Weterynaria, Uniwersytet Przyrodniczy w Lublinie - opinia studenta II roku studiów stacjonarnych
Jak wygląda nauka na pierwszym roku?
Nauki jest sporo zwłaszcza na przedmiotach mało istotnych. Nauczyciele odpowiedzialni za przedmioty sądzą że można leczyć już przedmiotami podstawowymi. Nie ma szans na przepisanie oceny z innej uczelni mimo że poziom jest niższy cytując "jak pani chce przepisać ocenę przecież to jest chemia weterynaryjna" Wprowadzają głupkowate sprawozdania których w ogóle potem nie czytają. Chcą aby uczyć się tylko ich przedmiotów bo dany przedmiot jest całą weterynarią.
Jak oceniasz możliwości rozwoju jakie daje uczelnia i/lub wybrany przez Ciebie kierunek?
Możliwości rozwoju. To chyba jakaś kpina. Grupy po jakieś 35 osób więc czas nauczyciela na jednego studenta to jakieś 0 minut. Wymagają wiele i nie poświęcają zbyt wiele czasu.
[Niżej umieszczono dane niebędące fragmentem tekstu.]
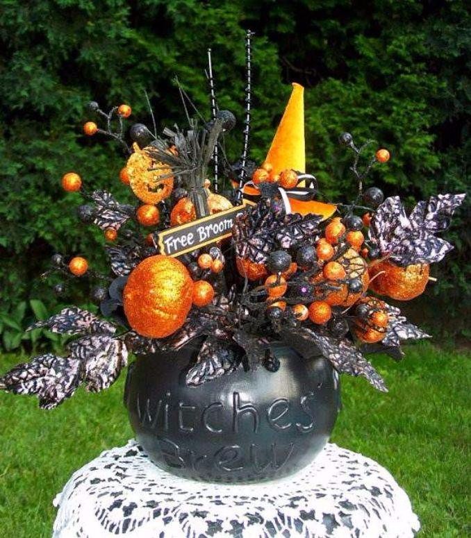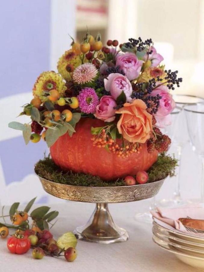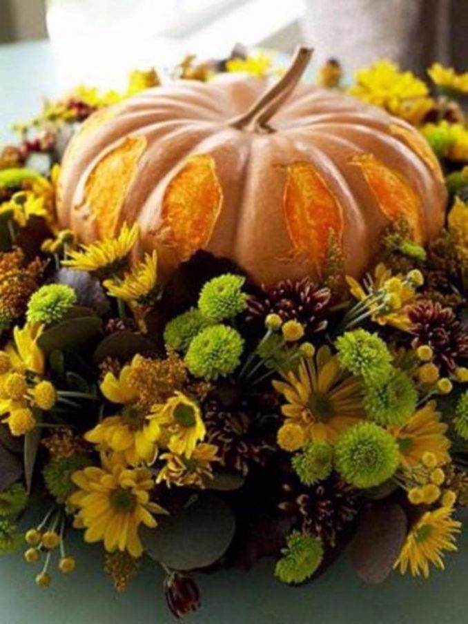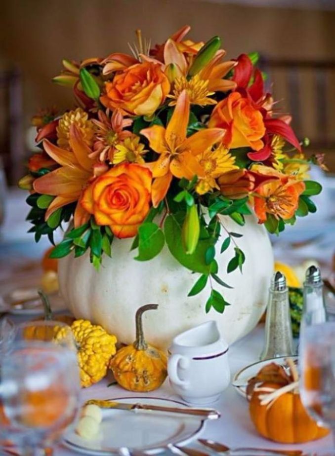A traditional variant is a pumpkin vases centerpiece with flowers inside. You can use a real one or a fake one. If a natural one is used, here you cut the pumpkin inside to make a hole and transform it into a bowel to serve as a vase where flowers are arranged inside.

Można to wszystko porównać do kotła weterynaryjnego jak tam wpadniesz to pobulgoczesz i wyparujesz z dyplomem i brakiem doświadczenia bo praktyki równie dobrze mogły bu być na basenie. Nie wiem jak przechodzą te wszystkie akredytacje. Ilość brak jakości.
Jaka atmosfera panuje na uczelni?
Nie którzy nauczyciele wywyższają się i sądzą że nie ma innego życia jak nauka i praca co dają odczuć. Część nauczycieli jest ok a część przesadza na każdym kroku w sumie jak w każdej uczelni. Ale najgorsze jest to że sporo sądzi że ich przedmiot jest całą weterynarią i wymyślają przypadki weterynaryjne usilnie próbując to udowodnić
Jak jest z mieszkaniem?
Miasto całkiem spoko sporo mieszkań do podnajęcia poza październikiem bo wtedy wszyscy zjeżdżają do Lublina
Życie w mieście
Jest gdzie się pobawić jeden minus na tygodniu słabo z klubami.
Własne uwagi, spostrzeżenia, wskazówki
Jeśli chcesz studiować weterynarię w Lublinie to lepiej zrezygnuj. Dyplom może coś warty bo nie którzy coś tam Ciebie nauczą ale generalnie wielkie rozczarowanie. Wydział powinien przejść głęboką reformę i skupić się bardziej na jakości kształcenia bo ta bardzo kuleje.